The linchpin of Parker’s petition for rehearing concerns this sentence in our opinion,
Parker responded to Tandy’s motion to stay with a brief urging the district court to deny the motion and to hold that the entire dispute must be tried in the court because all issues were indistinguishable, inextricably intertwined and incapable of severance. Alternatively, Parker asked that if a severance was granted the court enter an order that arbitration should not begin until after the securities law claims had been tried. Tandy responded with a reply brief 1 in which it requested that trial of the securities law claims be stayed.

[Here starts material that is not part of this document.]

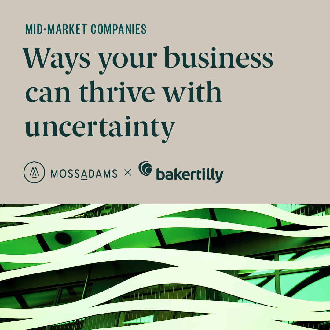 Baker Tilly US, LLP, Baker Tilly Advisory Group, LP and Moss Adams LLP and their affiliated entities operate under an alternative practice structure in accordance with the AICPA Code of Professional Conduct and applicable laws, regulations and professional standards. Baker Tilly Advisory Group, LP and its subsidiaries, and Baker Tilly US, LLP and its affiliated entities, trading as Baker Tilly, are members of the global network of Baker Tilly International Ltd., the members of which are separate and independent legal entities. Baker Tilly US, LLP and Moss Adams LLP are licensed CPA firms that provide assurance services to their clients. Baker Tilly Advisory Group, LP and its subsidiary entities provide tax and consulting services to their clients and are not licensed CPA firms. ISO certification services offered through Baker Tilly Certifications LLC. Investment advisory offered through either Moss Adams Wealth Advisors LLC or Baker Tilly Wealth Management, LLC.

In short, the parties squarely put before the court the question of what it should do: should it try all issues, or carve out the arbitrable issues, and, if the latter, should it stay trial of the securities claims until the arbitration was concluded, or stay arbitration until the trial concluded, or stay neither and permit both trial and arbitration to proceed. The court accepted Parker’s primary argument. It ordered that all issues should be tried before the court and declared that arbitration of any issues was inappropriate and would violate the federal securities law.

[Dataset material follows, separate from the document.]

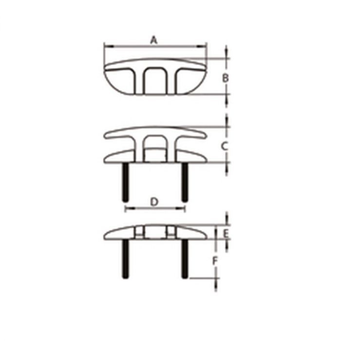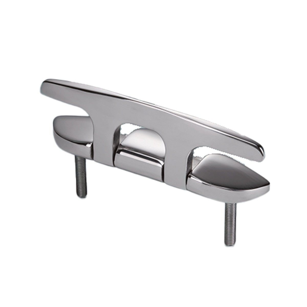 Hoogwaardig gepolijste RVS vouwcleat met antirammelsysteem. Studmontage, inclusief ringen en moeren.

This case is “essentially a dispute over corporate valuations centered around complex issues of accounting and valuation. The securities law claim was the rather small tail to a much larger dog.”

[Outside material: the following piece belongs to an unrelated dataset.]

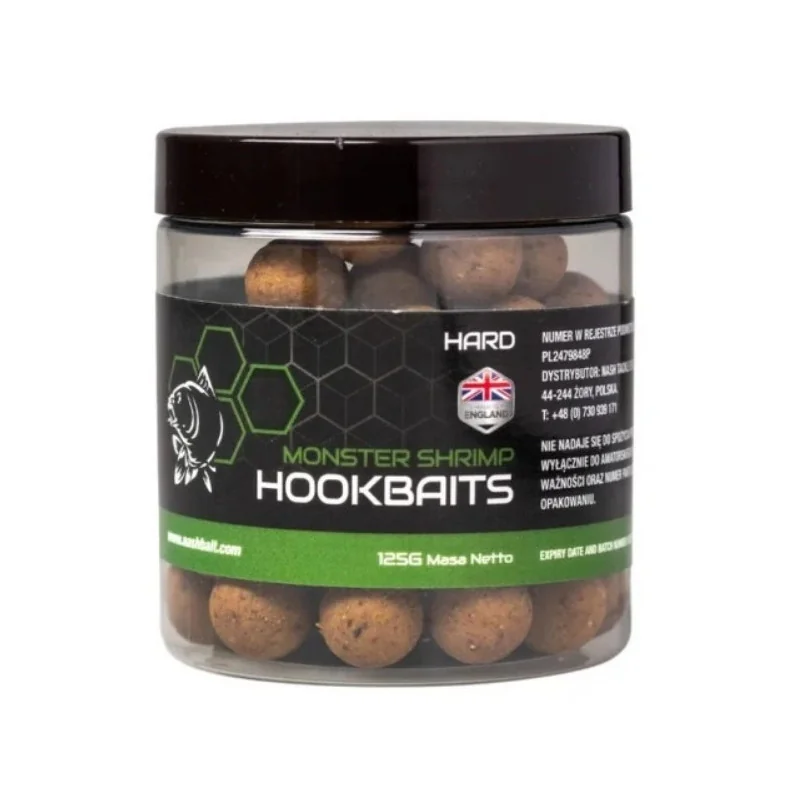 Przynęta Monster Shrimp Hard Hookbaits to utwardzone kulki Monster Shrimp to podstawowa broń na wodach pełnych drobnicy i raków. Dzięki odpowiedniej konsystencji, przypony uzbrojone w te przynęty można pozostawić w wodzie na bardzo długi czas.

The suggestion is made that our opinion cuts off Parker from asserting after arbitration any securities law claims it might have. We have not intended to suggest that. We did, and do, suggest that in a practical sense arbitration first in time might have disposed of this suit and, if not, might have limited its scope and clarified it. And it still might.
The petition for rehearing is DENIED.
Notes
. It pointed out various of the considerations noted in our opinion which mandated that arbitration should be first in time.